An initial visit, as part of an organised tour group, can only serve to whet ones appetite and its perfectly normal to give in to the, seemingly, magnetic pull of this vast monument and return on each and every subsequent visit; each time finding more and more of the remains to explore.
With a few notable exceptions; e.g. Kent Weeks, wonderful, genereal guide to the monuments of Luxor, guide books tend to be lavishly illustrated, light on history & limited in the scope of what they cover; to little more than the standard guided tour itinerary and give brief coverage to many of the visible remains, concentrating on the monuments of the better known Kings. There is a near universal and depressing tendency to ignore completely the structures completed by those who have received less film or TV coverage and those earlier buildings that are now to be found reconstructed within the Open Air Museum.

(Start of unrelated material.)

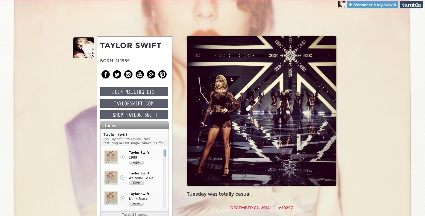 Au sommet du classement, Taylor Swift et son « taylorswift.tumblr.com » profitent d’une année pleine de succès, couronnée par la sortie de l’album et de la tournée « 1989 ».

This creates a situation in which those who really want to explore; and get to know, Karnak can find themselves frustrated, as they struggle to make sense of the maze of walls, pylons, obelisks and courtyards, all with their attendant statues, with which they are presented.
Thankfully, Elizabeth Blyth has come to the rescue.
Blyth has produced a guide book that manages to combine the difficult task of providing a comprehensive and indepth history of the development of the Precinct of Amun-Re; her book doesnt incorporate the inaccessible Mut and Montu precincts, with a series of maps, line drawings and monochrome photographs (these actually work better for displaying eroded or damaged texts and reliefs) that enable the visitor to easily locate and identify both the extant structures and the original locations of those that are now displayed in the Open Air Museum.
At, approximately, 10 X 8 inches (25 X 20 cm) and 258 pages, including index and bibliography, in paperback format, this volume is both compact and light enough that one could easily refer to it whilst exploring the site.
Additionally, by following a chapter arrangement of Kingdom Dynasty - ruler, she enables the visitor to wander around the complex, tracing the development of the temple, in a way which is not always ossible by simply walking from Pylon I to Thoth-moses IIIs Festival Hall (ix-mnw), or from Hat-shep-suts obelisks to Pylon X.
Although Blyth does provide Egyptian names for many of the structures she discusses; as one would expect for a former lecturer in Egyptology, at University College London, this the result of the fact that she is aiming at a wide audience and is more in the way of providing for specialist readers, as well as those tourists who really want to know all the ins and out of everything they see.
Overall, she has produced a work that has fulfilled a need, amongst the return visitors; who have been bitten by the Egypt Bug, and it is only to be hoped that more of the Egyptological fraternity will be inspired to follow suit.